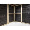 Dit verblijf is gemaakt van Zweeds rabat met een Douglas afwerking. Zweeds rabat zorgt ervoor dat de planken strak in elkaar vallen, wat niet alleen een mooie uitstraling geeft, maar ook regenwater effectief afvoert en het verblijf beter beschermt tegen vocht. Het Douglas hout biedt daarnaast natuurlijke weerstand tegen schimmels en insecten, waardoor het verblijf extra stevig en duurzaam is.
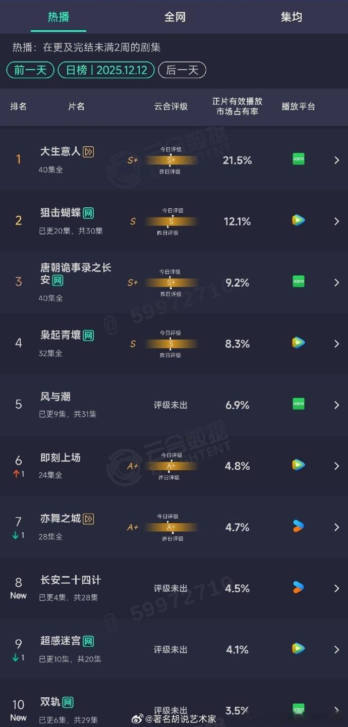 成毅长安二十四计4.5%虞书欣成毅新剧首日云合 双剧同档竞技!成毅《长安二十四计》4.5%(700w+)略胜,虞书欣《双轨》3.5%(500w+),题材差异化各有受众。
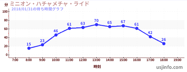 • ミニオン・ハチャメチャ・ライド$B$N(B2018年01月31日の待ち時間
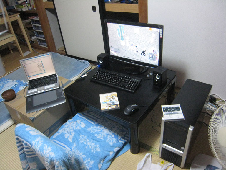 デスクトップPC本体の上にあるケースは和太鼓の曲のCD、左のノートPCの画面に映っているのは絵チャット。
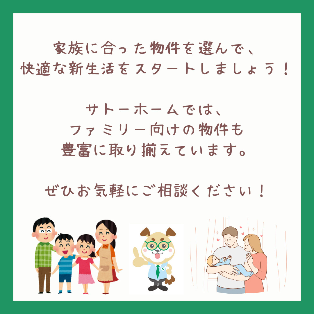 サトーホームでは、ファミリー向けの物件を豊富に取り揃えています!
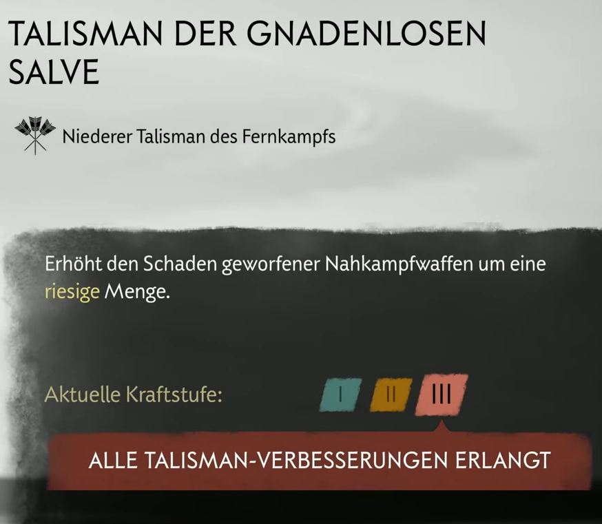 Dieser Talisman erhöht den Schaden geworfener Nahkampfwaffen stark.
...
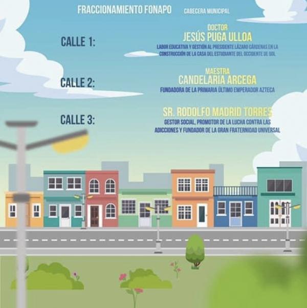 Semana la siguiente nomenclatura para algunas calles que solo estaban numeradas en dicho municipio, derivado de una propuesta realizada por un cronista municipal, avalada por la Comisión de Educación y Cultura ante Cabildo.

» **Aim of the exercise**
Start with the line with "Dit verblijf is" in the listing above and stop after the line with "Dieser Talisman erhöht". Write out exactly the lines in that stretch and no others, without pictures.

» **Task answer**
 Dit verblijf is gemaakt van Zweeds rabat met een Douglas afwerking. Zweeds rabat zorgt ervoor dat de planken strak in elkaar vallen, wat niet alleen een mooie uitstraling geeft, maar ook regenwater effectief afvoert en het verblijf beter beschermt tegen vocht. Het Douglas hout biedt daarnaast natuurlijke weerstand tegen schimmels en insecten, waardoor het verblijf extra stevig en duurzaam is.
 成毅长安二十四计4.5%虞书欣成毅新剧首日云合 双剧同档竞技!成毅《长安二十四计》4.5%(700w+)略胜,虞书欣《双轨》3.5%(500w+),题材差异化各有受众。
 • ミニオン・ハチャメチャ・ライド$B$N(B2018年01月31日の待ち時間
 デスクトップPC本体の上にあるケースは和太鼓の曲のCD、左のノートPCの画面に映っているのは絵チャット。
 サトーホームでは、ファミリー向けの物件を豊富に取り揃えています!
 Dieser Talisman erhöht den Schaden geworfener Nahkampfwaffen stark.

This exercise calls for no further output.